#666
Interviewer: Mrs. Bernice Bowden
Person interviewed: Neely Gray
818 E. Fifteenth, Pine Bluff, Arkansas
Age: 87
“I was born in Virginia. Dr. Jenkins bought my mother from a man named Norman. Brought us here on the boat. I know I was walkin’ and talkin’. I don’t remember about the trip, but I remember they said they had to keep me out from fallin’ in the river. I was too playified to remember anything about it.
“Durin’ the War I was a girl six or seven years old. Big enough to nuss my mother’s next chile, and she was walkin’ and talkin’ ’fore surrender.
“My mother was pushin’ a hundred when she died.
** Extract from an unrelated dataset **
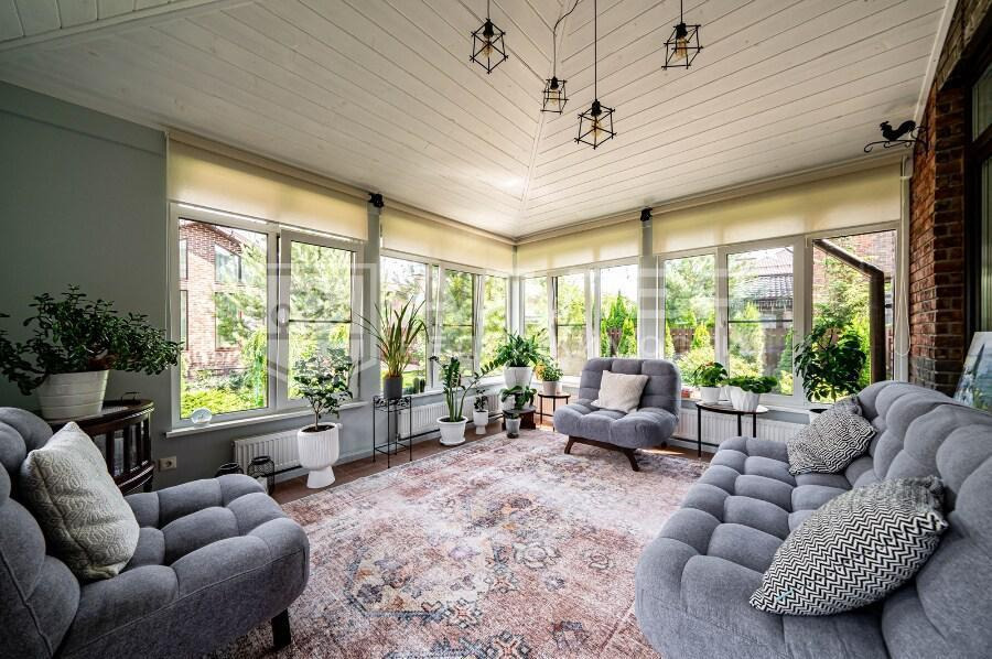 | Описание: | Резиденция состоит из двух кирпичных домов, общей площадью 360 м2. Дома построены из красного кирпича, с отделкой фасада из бельгийского кирпича. Высота потолков доме 5 метров. Все коммуникации в домах центральные, поселковые. В планировку домов включены: 5 спален, 4 санузла, 2 кухни, 2 гостинные совмещенные с столовой, баня и зимний сад. |

I was her oldest chile. Sold with her.
“Dr. Jenkins had three women and all of ’em had girls. Raised up in the house. Dr. Jenkins said, ‘Doggone it, I want my darkies right back of my chair.’ He never did ’buse his colored folks. He was a ’cepted (exceptional) man—so different. I never saw the inside of the quarters.
“Dr. Jenkins’ house wasn’t far from the river. You could hear the boats goin’ up and down all night.
“I was scared of the Yankees ’cause they always p’inted a gun at me to see me run. They’d come in the yard and take anything they wanted, too.
“After surrender mama went and cooked for a man named Hardin.